Questions about GenABEL (aka *ABEL) suite of packages
Postby Samantha » Fri Mar 27, 2015 12:48 pm

After formatting data in PLINK to tped and tfam format I read the data into Genabel as so:
convert.snp.tped(tpedfile="gwasGenabelIbsQced.tped",tfamfile="gwasGenabelIbsQced.tfam", outfile="gwasGenabelIbsQced.out",strand="u",bcast=10000)

After recoding for sex chromosomes I calculate genotype counts and allele frequencies using function.

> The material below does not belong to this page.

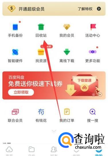 进入之后,点击“回收站”,进入下一页面,如图所示。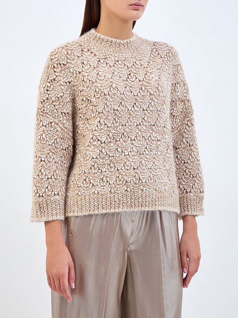 Джемпер узорной вязки из мягкой шерсти альпака с пайетками

However, when I have a look at the output I get some curious results. My understanding is that Q.2 is the allele frequency of the B allele.
When I look at A1 and A2 in the outputs alleles for some SNPs seem to have been switched from what they are in the raw data, for example:
Chromosome Position Strand A1 A2 NoMeasured CallRate Q.2
ARS-BFGL-NGS-100232 0 0 u G A 10 1 0.20
ARS-BFGL-NGS-100372 0 0 u G A 10 1 0.35
ARS-BFGL-NGS-100549 0 0 u G A 10 1 0.20
ARS-BFGL-NGS-100941 0 0 u A G 10 1 0.05
ARS-BFGL-NGS-101104 0 0 u A G 10 1 0.30

In the raw illumina file data SNP ARS-BFGL-BAC-13205 the polymorphism is coded as AG but in GenAbel it seems to come out as GA ... thus the allele A and allele B seems to have been switched? Is this correct? For my dataset Q.2 ranges from 0.0 to 0.5.The only thing that I can think of is that GenAbel seems to be determining what is the minor and major allele and may be switching once identifed so that the minor allele frequency is reported as Q.2.
Another example is that when I subset data by phenotypes and plot the allele frequencies I get a truncated scatterplot with the spread of allele frequencies halting at ~0.5 for both the x and y axis on the plot.

Am I reading in the data wrong? Missing a step? Is there a way to force GenAbel to stick to the alleles/polymorphism as present in the raw data?